Of course, we could also experiment with other degrees, precisions, and intervals as shown below, yet for our immediate application the above set of parameters seem sufficient.
So, returning to our three layer network, we define a new Sigmoid approximate:
class SigmoidInterpolated10: def __init__(self): ONE = SecureRational(1) W0 = SecureRational(0.5) W1 = SecureRational(0.2159198015) W3 = SecureRational(-0.0082176259) W5 = SecureRational(0.0001825597) W7 = SecureRational(-0.0000018848) W9 = SecureRational(0.0000000072) self.sigmoid = np.vectorize(lambda x: \ W0 + (x * W1) + (x**3 * W3) + (x**5 * W5) + (x**7 * W7) + (x**9 * W9)) self.sigmoid_deriv = np.vectorize(lambda x:(ONE - x) * x) def evaluate(self, x): return self.sigmoid(x) def derive(self, x): return self.sigmoid_deriv(x)
… and rerun the training:
# reseed to get reproducible results random.seed(1) np.random.seed(1) # pick approximation sigmoid = SigmoidInterpolated10() # train network = ThreeLayerNetwork(sigmoid) network.train(secure(X), secure(y), 10000) # evaluate predictions evaluate(network)

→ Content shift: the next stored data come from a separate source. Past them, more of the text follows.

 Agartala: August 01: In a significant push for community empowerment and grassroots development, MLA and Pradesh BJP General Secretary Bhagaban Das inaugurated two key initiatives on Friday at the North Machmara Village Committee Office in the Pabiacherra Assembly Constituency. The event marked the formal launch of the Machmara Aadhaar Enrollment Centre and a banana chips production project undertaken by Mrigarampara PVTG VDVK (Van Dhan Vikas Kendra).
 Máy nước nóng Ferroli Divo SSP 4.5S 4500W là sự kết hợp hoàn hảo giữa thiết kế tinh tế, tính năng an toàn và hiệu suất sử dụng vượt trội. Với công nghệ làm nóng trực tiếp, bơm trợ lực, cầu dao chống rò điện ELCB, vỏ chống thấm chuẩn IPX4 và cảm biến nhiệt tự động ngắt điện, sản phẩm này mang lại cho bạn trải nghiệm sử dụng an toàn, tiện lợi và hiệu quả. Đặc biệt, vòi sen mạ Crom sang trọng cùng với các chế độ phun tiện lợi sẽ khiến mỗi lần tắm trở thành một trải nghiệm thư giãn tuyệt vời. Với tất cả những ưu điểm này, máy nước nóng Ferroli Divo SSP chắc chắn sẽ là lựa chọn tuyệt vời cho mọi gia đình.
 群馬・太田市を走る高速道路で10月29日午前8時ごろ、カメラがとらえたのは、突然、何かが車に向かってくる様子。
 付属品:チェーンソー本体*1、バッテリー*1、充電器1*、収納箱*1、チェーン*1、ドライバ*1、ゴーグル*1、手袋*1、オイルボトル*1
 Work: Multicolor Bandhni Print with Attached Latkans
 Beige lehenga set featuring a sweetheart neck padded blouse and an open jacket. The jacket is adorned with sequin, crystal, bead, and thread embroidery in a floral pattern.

And now, despite running for 10,000 iterations, no collapse occurs and the predictions improve, with only one wrong prediction on
[0 1 0].
Error: 0.0384136825 Error: 0.01946007 Error: 0.0141456075 Error: 0.0115575225 Error: 0.010008035 Error: 0.0089747225 Error: 0.0082400825 Error: 0.00769687 Error: 0.007286195 Error: 0.00697363 Layer 0 weights: [[SecureRational(3.208028) SecureRational(3.359444) SecureRational(-3.632461) SecureRational(-4.094379)] [SecureRational(-1.552827) SecureRational(-4.403901) SecureRational(-3.997194) SecureRational(-3.271171)] [SecureRational(0.695226) SecureRational(-1.560569) SecureRational(1.758733) SecureRational(5.425429)]] Layer 1 weights: [[SecureRational(-4.674311)] [SecureRational(5.910466)] [SecureRational(-9.854162)] [SecureRational(6.508941)]] Prediction on [0 0 0]: 0 (0.28170669) Prediction on [0 0 1]: 0 (0.00638341) Prediction on [0 1 0]: 0 (0.33542098) Prediction on [0 1 1]: 1 (0.99287968) Prediction on [1 0 0]: 1 (0.74297185) Prediction on [1 0 1]: 1 (0.99361066) Prediction on [1 1 0]: 0 (0.03599433) Prediction on [1 1 1]: 0 (0.00800036)

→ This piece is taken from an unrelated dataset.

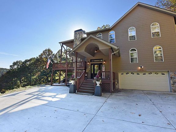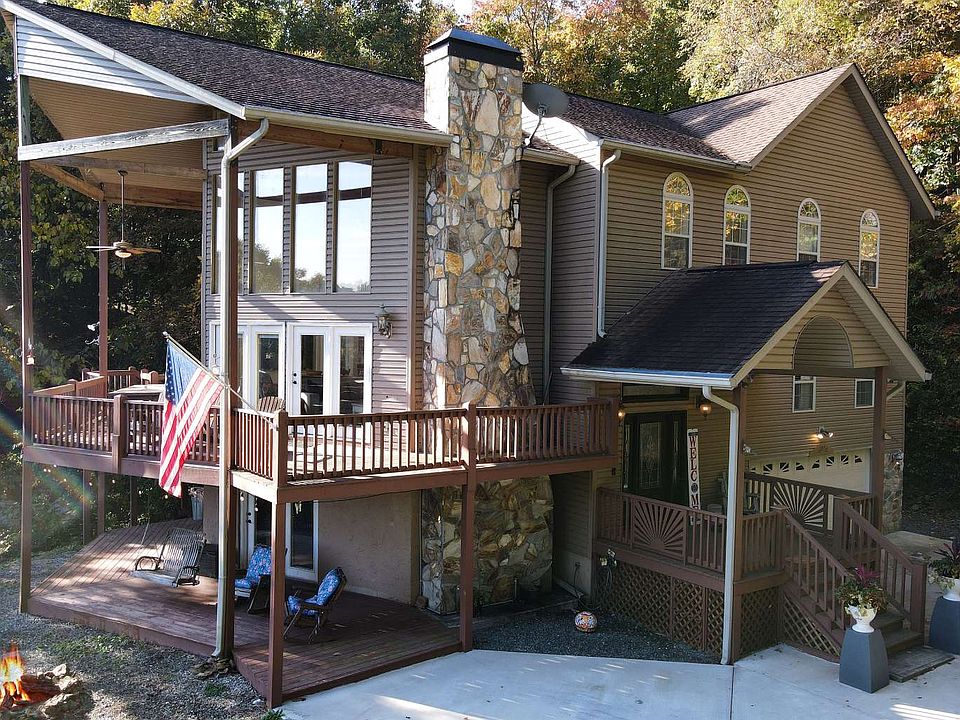 SIGNIFICANT PRICE IMPROVEMENT--River views & mountain views, in addition to 50' of river front. No need to settle for just one of these mountain living pleasures when you can have all three. 2.32 acres provides privacy, usable outdoor space as well as plenty of guest parking. Desirable prowl front of this spacious home fills every level w/ natural light. The main level living room is adorned w/ one of two stack rock gas fireplaces & French doors. You won't miss anything while working from the kitchen thanks to the open concept. Bonus of double ovens for baker's delight. Convenience of laundry on main, off the kitchen. Sizable master, jetted tub, grand walk-in closet. Enjoy a sitting area/office in the loft & hideaway or entertain downstairs in the family & game room w/ walkout access. Plenty of room/storage throughout including oversized attached garage. So much space for your family & friends to gather.
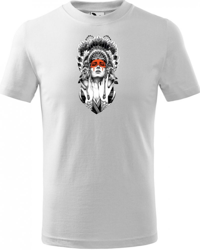 Indiánka Toto tričko je víc než jen oděv, je to umělecké dílo s duší. Detailní portrét zachycuje tvář ženy s pohledem upřeným vzhůru, ozdobenou majestátní a složitě propracovanou indiánskou čelenkou. Černobílé provedení zdůrazňuje každý detail peří a ornamentů, zatímco výrazný červený pruh barvy přes oči dodává motivu moderní nádech a symbolickou sílu. Je to pocta síle, duchovnosti a spojení s pří...

Note that the score for the wrong case is not entirely off, and is somewhat distinct from the correctly predicted zeroes. Running for another 5,000 iterations didn’t seem to improve this, at which point we get close to the collapse.
The focus of this tutorial has been on a simple secure multi-party computation protocol, and while we haven’t explicitly addressed the initial claim that it is computationally more efficient than homomorphic encryption, we have still seen that it is indeed possible to achieve private machine learning using very basic operations.
Perhaps more critically, we haven’t measured the amount of communication required to run the protocols, which most significantly boils down to a few messages for each multiplication. To run any extensive computation using the simple protocols above it is clearly preferable to have the three parties connected by a high-speed local network, yet more advanced protocols not only reduce the amount of data sent back and forth, but also improve other properties such as the number of rounds (down to a small constant in the case of garbled circuits).
Finally, we have mostly treated the protocols and the machine learning processes orthogonally, letting the latter use the former only in a black box fashion except for computing the Sigmoid. Further adapting one to the other requires expertise in both domains but may yield significant improvements in the overall performance.